Characterization of binding properties of the myelin-associated glycoprotein to extracellular matrix constituents.

T Fahrig 1, C Landa 1, P Pesheva 1, K Kühn 1, M Schachner 1
PMCID: PMC553721  PMID: 2446864

Abstract

The myelin-associated glycoprotein (MAG) can be obtained from adult mouse brain from detergent-lysates of a crude membrane fraction as a 96-100 kd form (detergent solubilized MAG), and from 100,000 g supernatants of homogenates as a 90-96 kd form (soluble MAG). The soluble form distributes into the Triton X-114-poor aqueous phase, while detergent-solubilized MAG predominantly enters the Triton X-114-rich phase.
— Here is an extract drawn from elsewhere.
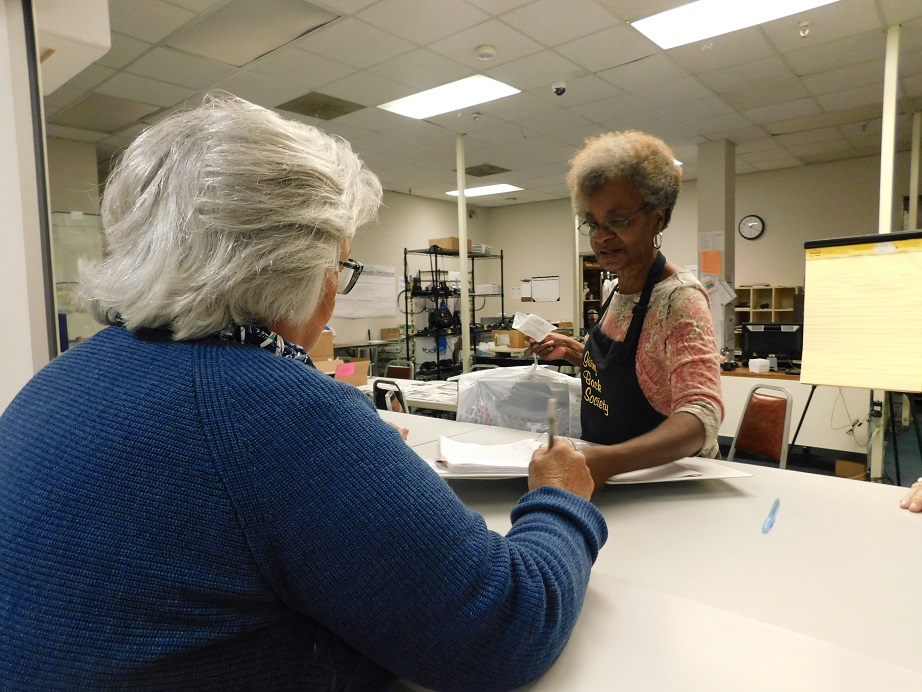 Donna Henderson (r) answers a question about the Belk Charity Day sale while selling a ticket
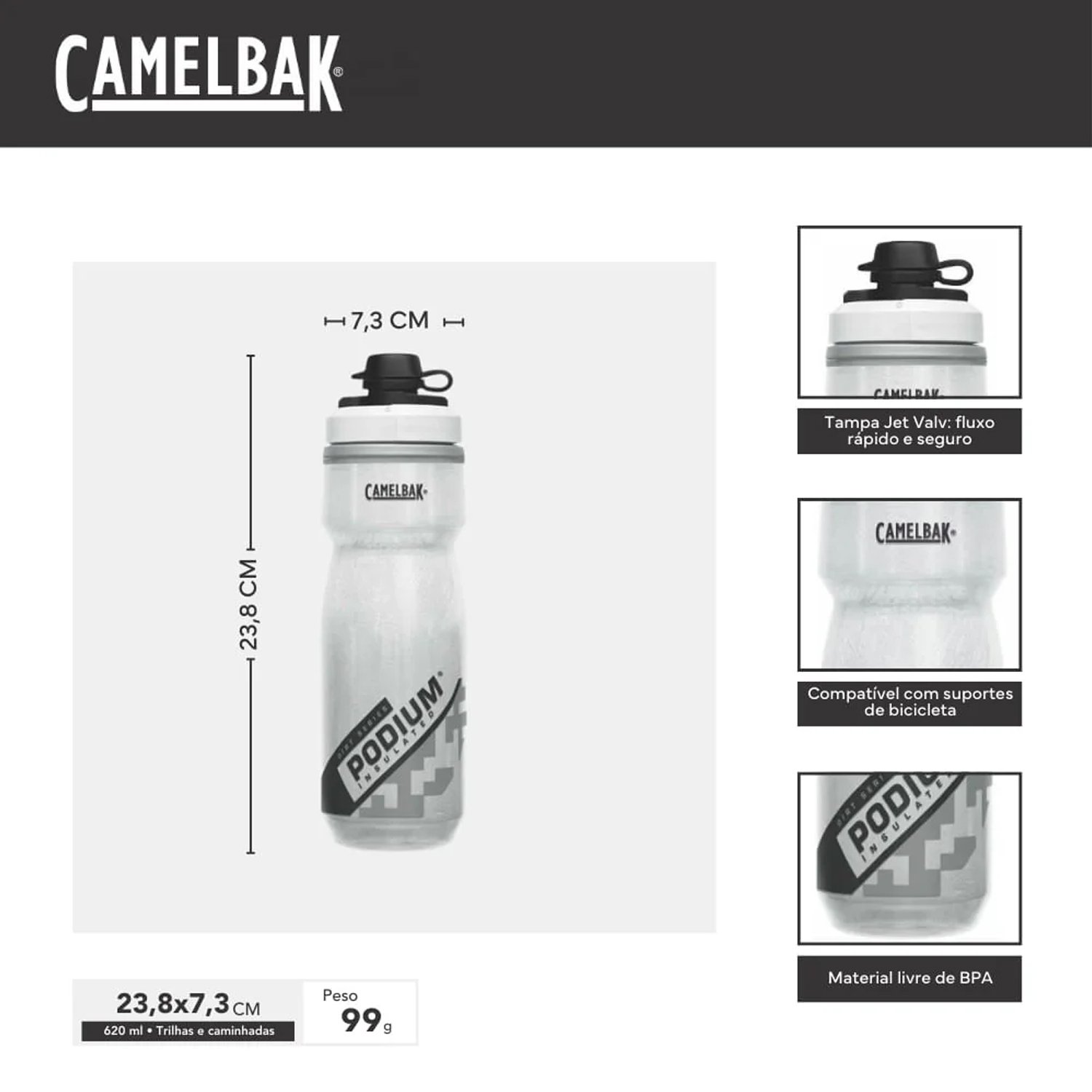 A CamelBak Podium Dirt Series Chill 620 ml foi desenvolvida para ciclistas que pedalam em trilhas, estradas ou competições e não abrem mão de hidratação eficiente e água gelada por mais tempo. Seu design térmico com parede dupla mantém a bebida fria por até duas vezes mais tempo, enquanto a tampa Dirt Series protege o bico contra lama, poeira e sujeira, garantindo higiene total mesmo nas condições mais extremas.

Both molecular forms bind to heparin in hypo- and isotonic buffers. Soluble MAG binds to several collagens (type G, I, II, III, IV, V, VI, IX) with a kd of 5.7 X 10(-8) M for collagen type IX and 2.0 X 10(-7) for collagen type IV. Binding of 125I-labeled MAG to collagen G can be completely inhibited by unlabeled MAG and collagen G, but not by heat-denatured collagen. MAG does not bind to itself, laminin, fibronectin, or the neural cell adhesion molecules L1 and N-CAM. Binding of MAG to collagen G is most effectively blocked by a high molecular weight dextran sulfate, heparan sulfate and heparin, with chondroitin sulfate and a low molecular weight dextran sulfate being less potent blockers. These findings are in agreement with previous observations on the localization of MAG in basal lamina and interstitial collagens of the sciatic nerve in situ.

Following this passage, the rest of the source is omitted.